[Python-Dev] Python in Unicode context

Thu Aug 5 09:21:37 CEST 2004

François Pinard wrote:
> However, and I shall have the honesty to
> state it, this is *not* respectful of the general Unicode spirit: the
> Python implementation allows for independently addressable surrogate
> halves

This is only a problem if you have data which require surrogates (which
I claim are rather uncommon at the moment), and you don't have a UCS-4
build of Python (in which surrogates don't exist). As more users demand
convenient support for non-BMP characters, you'll find that more builds
of Python become UCS-4. In fact, you might find that the build you are
using already has sys.maxunicode > 65535.

> combining zero-width diacritics

Indeed. However, it is not clear to me how this problem could be
addressed, and I'm not aware of any API (any language) that addresses
it.

Typically, people need things like this:
- in a fixed-width terminal, what characters occupy what column.
   Notice that this involves East-Asian wide characters, where a single
   Unicode character (a "wide" character) occupies two columns. OTOH,
   with combining characters, a sequence of characters might be
   associated with a single column. Furthermore, some code points might
   not be associated with a column at all.
- for a given font, how many points does a string occupy, horizontally
   and vertically.
- where is the next word break

I don't know what your application is, but I somewhat doubt it is as
simple as "give me a thing describing the nth character, including
combining diacritics".

However, it is certainly possible to implement libraries on top of the
existing code, and if there is a real need for that, somebody will
contribute it.

 > normal _and_ decomposed forms,

Terminology alert: the are multiple normal forms in Unicode, and some
of them are decomposed (e.g. NFD, NFKD).

I fail to see a problem with that. There are applications for all
normal forms, and many applications don't need the overhead of
normalization. It might be that the code for your languages becomes
simpler when always assuming NFC, but this hardly holds for all
languages, or all applications.

> directional marks, linguistic marks and various other such complexities.
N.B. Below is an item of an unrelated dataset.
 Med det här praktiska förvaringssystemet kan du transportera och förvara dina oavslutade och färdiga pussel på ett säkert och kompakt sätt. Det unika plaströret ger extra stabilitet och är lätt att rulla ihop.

Same comment as above: if this becomes a real problem, people will
contribute code to deal with it.

> But in our case, where applications already work in Latin-1, abusing our
> Unicode luck, UTF-8 may _not_ be used as is, we ought to use Unicode or
> wide strings as well, for preserving S[N] addressability.  So changing
> source encodings may be intimately tied to going Unicode whenever UTF-8
> (or any other variable-length encoding) gets into the picture.
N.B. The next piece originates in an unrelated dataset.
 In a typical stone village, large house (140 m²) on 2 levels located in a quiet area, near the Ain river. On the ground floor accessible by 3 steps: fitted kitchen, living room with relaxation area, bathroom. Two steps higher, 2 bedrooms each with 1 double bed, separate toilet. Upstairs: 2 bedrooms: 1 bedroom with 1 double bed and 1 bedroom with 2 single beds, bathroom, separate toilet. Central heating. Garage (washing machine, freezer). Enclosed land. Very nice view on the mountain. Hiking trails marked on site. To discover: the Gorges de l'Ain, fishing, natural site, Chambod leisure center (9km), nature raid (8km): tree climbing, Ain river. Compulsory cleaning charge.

Yes. There is not much Python can do about this. UTF-8 is very nice for
transfer of character data, but it does have most of the problems of
a multi-byte encoding. I still prefer it over UTF-16 or UTF-32 for
transfer, though.

> I hope that my explanation above helps at seeing that source encoding
> and choice of string literals are not as independent as one may think.

It really depends on your processing needs. But yes, my advise still
stands: convert to Unicode objects as early as possible in the
processing. For source code involving non-ASCII characters, this means
you really should use Unicode literals.

Of course, my other advise also applies: if you have a program that
deals with multiple languages, use only ASCII in the source, and use
gettext for the messages.

> There ought to be a way to maintain a single Python source that would
> work dependably through re-encoding of the source, but not uselessly
> relying on wide strings when there is no need for them.  That is,
> without marking all literal strings as being Unicode.  Changing encoding
> from ISO 8859-1 to UTF-8 should not be a one-way, no-return ticket.

But it is not: as you say, you have to add u prefixes when going to 
UTF-8, yes. But then you can go back to Latin-1, with *no* change other
than recoding, and changing the encoding declaration. The string 
literals can all stay as Unicode literals - the conversion to Latin-1
then really has *no* effect on the runtime semantics.

> Of course, it is very normal that sources may have to be adapted for the
> possibility of a Unicode context.  There should be some good style and
> habits for writing re-encodable programs.  So this exchange of thoughts.

If that is the goal, you really need Unicode literals - everything else
*will* break under re-encoding.

Regards,
Martin